Name: Joel Spolsky
Company: Fog Creek Software
Job Title: CEO
Bio: I started my career at Microsoft, a little software company outside of Seattle, where I was a program manager on the Excel team. My area was "programmability" and most of what I did in those days was to replace the Excel macro language (XLMs) with Excel Basic, and provide an object-oriented interface to Excel. Excel Basic became "Visual Basic for Applications" and the OO interface is what you know as OLE Automation, a.k.a. IDispatch.
In those days, Microsoft was small (5000 employees!) and reasonable. But I was tired of having no life outside of work, so I moved to New York, where I spent about ten minutes working for Microsoft Consulting before I fled in fright, getting on a bicycle and riding straight across the USA over the course of 10 weeks while I figured out my next plan.
I had two more jobs in New York. I spent a couple of years at Viacom Interactive Services, doing a lot of goofing around but also building an application server for MTV which was really fast.

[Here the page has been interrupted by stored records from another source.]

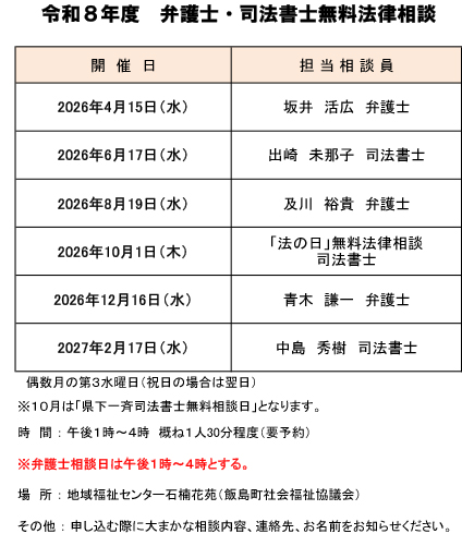 申込・お問い合わせ先:飯島町社会福祉協議会 ℡ 86-5511まで お気軽にご相談ください。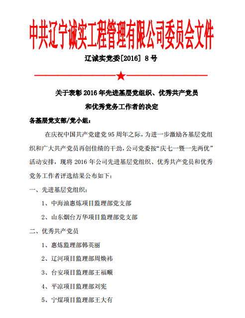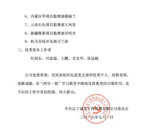 遼寧誠(chéng)實(shí)工程管理有限公司黨委召開(kāi)《慶祝建黨95周年暨“一優(yōu)兩先”表彰視頻大會(huì)》
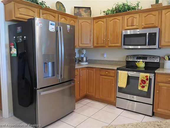 You will love the master bathroom with a jacuzzi, oversized water closet, his and hers closets, pocket door between the master bedroom & bathroom and a two- sink vanity. The kitchen boasts quartz countertops, lots of beautiful WOOD CABINETS, and a WINDOW SEAT with storage below in the breakfast nook. The kitchen also features a PANTRY with lots of shelving. APPLIANCES ARE STAINLESS STEAL. Both guest bedrooms have huge closets. The laundry room has CABINETS over the washer and dryer and a SINK right next to the washer/dryer. The lanai is enclosed, has tile floor, and 2 fans. Outside the lanai is a huge patio for the grill, and plenty of furniture. The chase lounge in the lanai and outside patio furniture can be included in the contract as the sellers are leaving that with the house. The 25x26 GARAGE is any guy's dream. It has a separate DOOR FOR GOLF CART ENTRANCE and still ROOM FOR TWO VEHICLES. The big garage door also has a SKEETER BEATER. The TWO work benches and lots of shelving are additional bonuses. Come take a look. You won't be disappointed.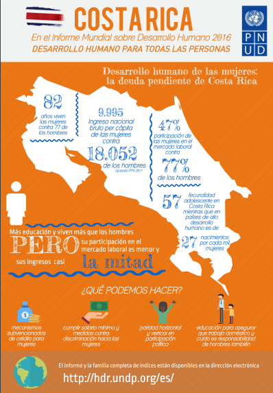 Infografía sobre la situación de Costa Rica con respecto al IDH 2016. Panorama General, Informe sobre Desarrollo Humano 2016. PNUD
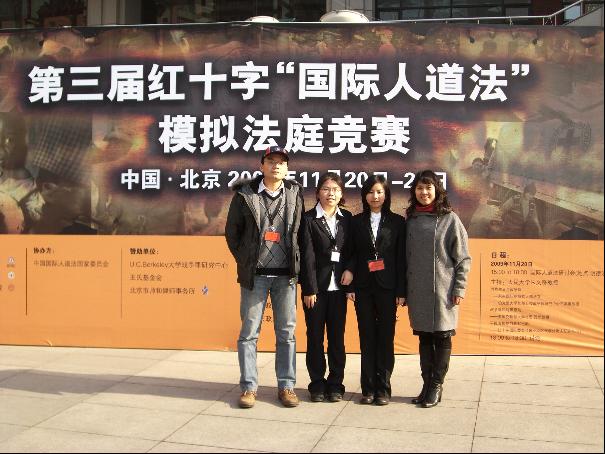 2009年11月21日至22日,中国高校第三届红十字“国际人道法”模拟法庭竞赛在中国人民大学成功举行。在朱家贤副教授的指导下,由mg4355官网2007级法学2班韦莹同学(The First Counsel)、2008级法学研钟璐同学(The Second Counsel)以及2008级法学研王志力同学(The Coach)组成的mg4355vip检测中心代表队首次代表我校参加了竞赛,经过两天的激烈角逐,最终取得第四名的成绩,这也是目前mg4355官网在类似比赛中取得的最好成绩。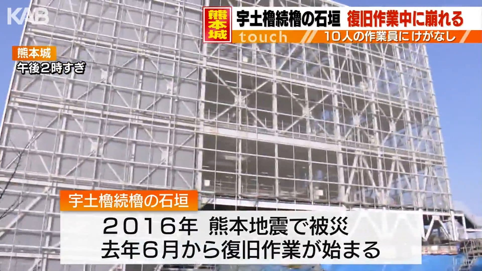 解体中の熊本城の石垣が崩れる 復旧作業を中断し対策を検討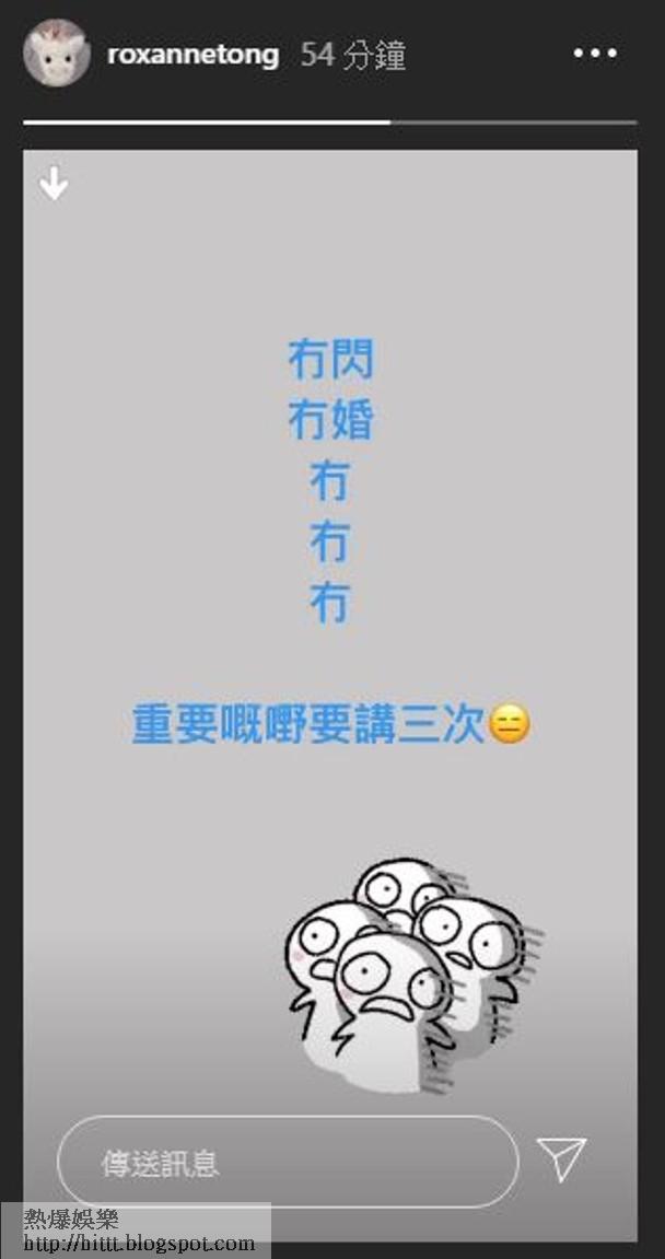 今日身為女主角嘅湯洛雯終於蒲頭喺社交網解釋,指自己仲未結婚:「冇閃,冇婚,冇冇冇,重要嘅嘢要講三次。」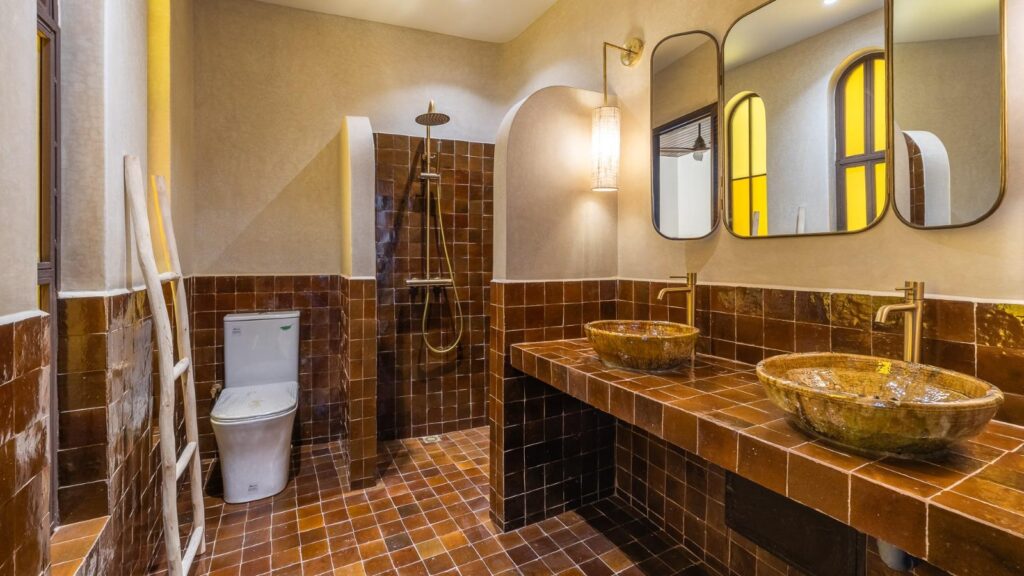 Toilettes séparées pour une intimité maximale au sein de chambre terracotta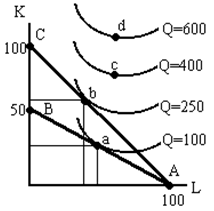 Ответьте на вопросы: а) Какова первоначальная цена капитала? б) Какова первоначальная цена труда? в) Какова новая цена капитала? г) В какой точке фирма первоначально находится в состоянии равновесия? д) Какова новая точка равновесия? е) Напишите уравнения для изокосты АВ и для изокосты АС. ж) Каковы относительные значения МРК и МРL в точке “b”? Почему? з) Каковы относительные значения МРК и МРL в точке “а”? Почему? и) Может ли фирма находиться в точке “с”? В каком случае точка “с” окажется достижимой? к) Определите наклон линий АВ и АС. л) Как можно выразить наклон изокванты Q = 100 в точке “а”?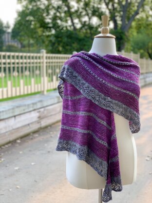 Two color crescent shawl knit in garter stitch with yarnover breaks in a contrast color. Finished using the contrast color a knit-on edge is added with a leafy lace motif. Three sizes to knit to your preferred fit.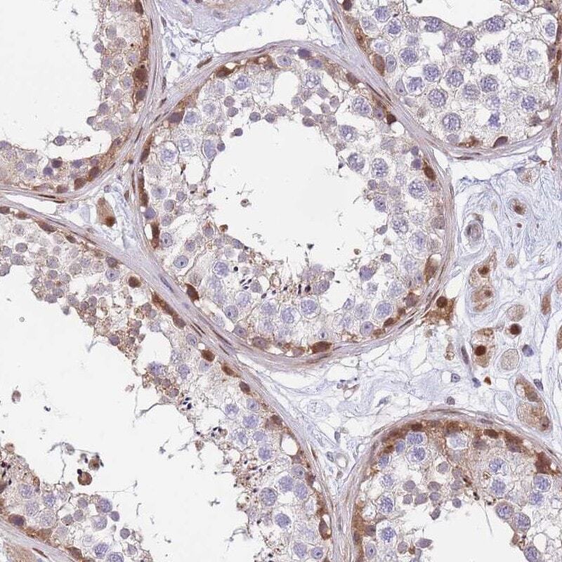 - Immunohistochemical staining of KIAA1211 in human testis using a KIAA1211 Polyclonal Antibody (Product # PA5-61669) shows strong positivity in a subset of cells in seminiferous ducts.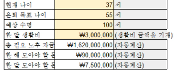 A. 총 필요 노후 자금: (3. 예상 수명 - 2. 은퇴 목표 나이) X 4. 한 달 생활비 X 12(개월)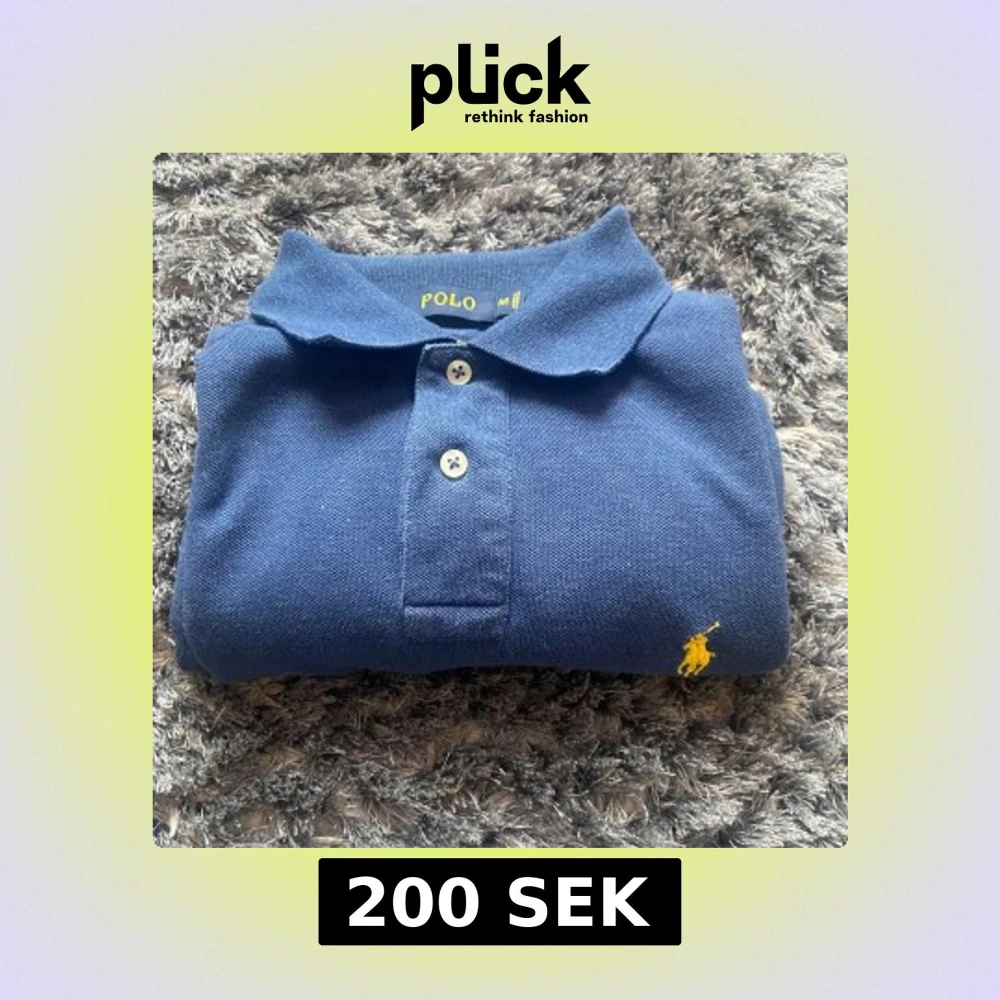 Säljer en klassisk blå pikétröja från Polo Ralph lauren med gul broderad logga på bröstet. Tröjan har korta ärmar och knappar framtill. Perfekt för en stilren och avslappnad look. Den har en liten fläck under hästen som du kan se på sista bilden. Kan sänka priset vid snabb affär.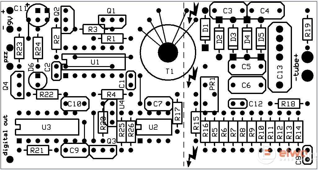 Счетчик радиации состоит из двух электродов, ионизирующая частица создает искровой промежуток между ними, чтобы уменьшить величину тока, которая возникает в этой ситуации, последовательно с трубкой ставится резистор. Отмечен по схеме как R5. Есть разные способы получения сигнала от трубки, в представленном здесь, резистор соединены последовательно между трубой и землей, изменения напряжения на резисторе измеряется с помощью детектора. Этот резистор обозначен как R6.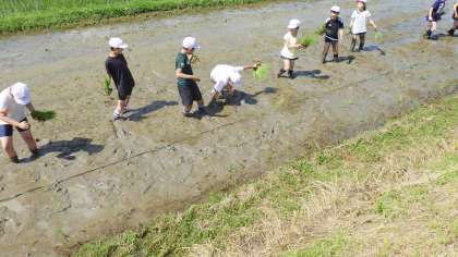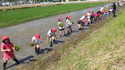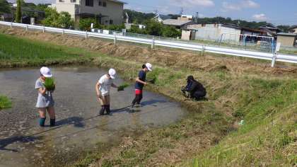 5年生では、米作り体験学習をしています。「はっぴー農産」にお世話になりながら、田植えと稲刈りを体験します。梅雨の晴れ間に5年生全員で横一列に並び田植えをしました。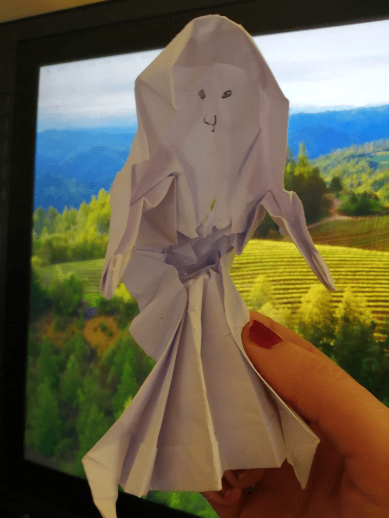 In the meantime, my eleven-year-old and sixteen-year-old children saw what I was doing and thought it looked easy. They decided to try creating the characters that I had found too difficult to make. To my frustration, both of them managed to create perfect origami sculptures in just one hour, despite it being their first attempt. Below are their sculptures.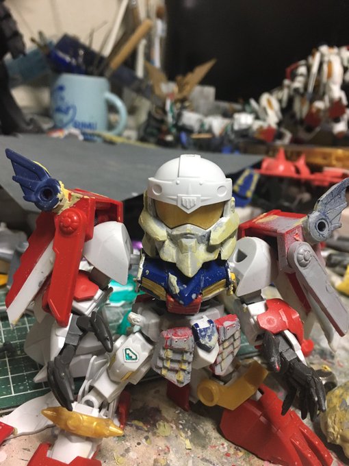 #俺SD作ってるぜ #SDガンダム #玖辺麗三姉妹 後もうちょっとだぜ! カロリーが僕には高過ぎました。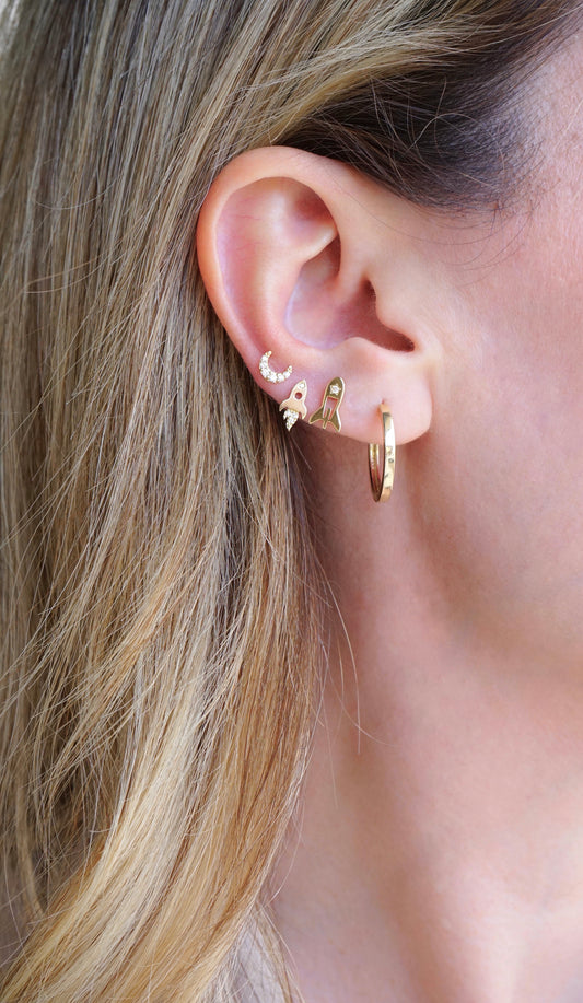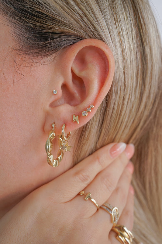Arracada de oro sólido en 14 kilates doblés hacia afuera.

Then I crossed the street to work at Juno Online Services, a national ISP.
But I had always wanted to start my own company, and I finally reached the point where my mind had tricked me into thinking it was going to be easy. So, together with my friend Michael Pryor, I started Fog Creek Software in September, 2000, which is what I've been doing ever since. We've been growing steadily, without any outside investment, since then, and despite the so-called downturn we've managed to double our sales every year. We didn't start with a particular product in mind: our goal was simply to build the kind of software company where we would want to work, one in which programmers and software developers are the stars and everything else serves only to make them productive and happy. The theory, which has proven itself over and over again, is that this kind of thinking would allow us to attract the super-talented software developers who would do great things and make us successful.